PRIMETEST I has indicated that pRA-RPLND in patients with clinical stage IIA/B seminoma led to a 70% recurrence-free survival at 32 months' follow-up. These findings suggest that pRA-RPLND could serve as an alternative to standard therapies (chemotherapy, radiotherapy) for a highly selective group of patients, effectively preventing excessive toxicity. PRIMETEST I has already identified several potential factors that predict which patients are more likely to benefit from surgical therapy alone.

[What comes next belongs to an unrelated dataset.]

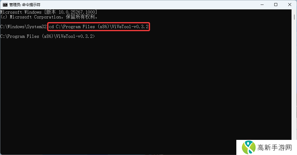 4. 使用 cd 命令跳转到 ViveTool 文件夹,例如“cd C:Program Files (x86)ViVeTool-v0.3.2”

In the novel prospective setting of PRIMETEST II, the study tests the identified predictive factors for recurrence. Patients exhibiting presumably low-risk features (about 70% of patients) will continue with surgery alone. Those with a presumed higher risk of recurrence will undergo robot-assisted surgery and have the option of receiving adjuvant treatment (one cycle of cisplatin, etoposide, and bleomycin). The primary endpoint is a three-year recurrence-free survival, estimated to exceed 90%. Additional objectives include exploring new predictors of recurrence at both molecular and clinical levels by analyzing serum and tissue samples from the primary tumor and metastases.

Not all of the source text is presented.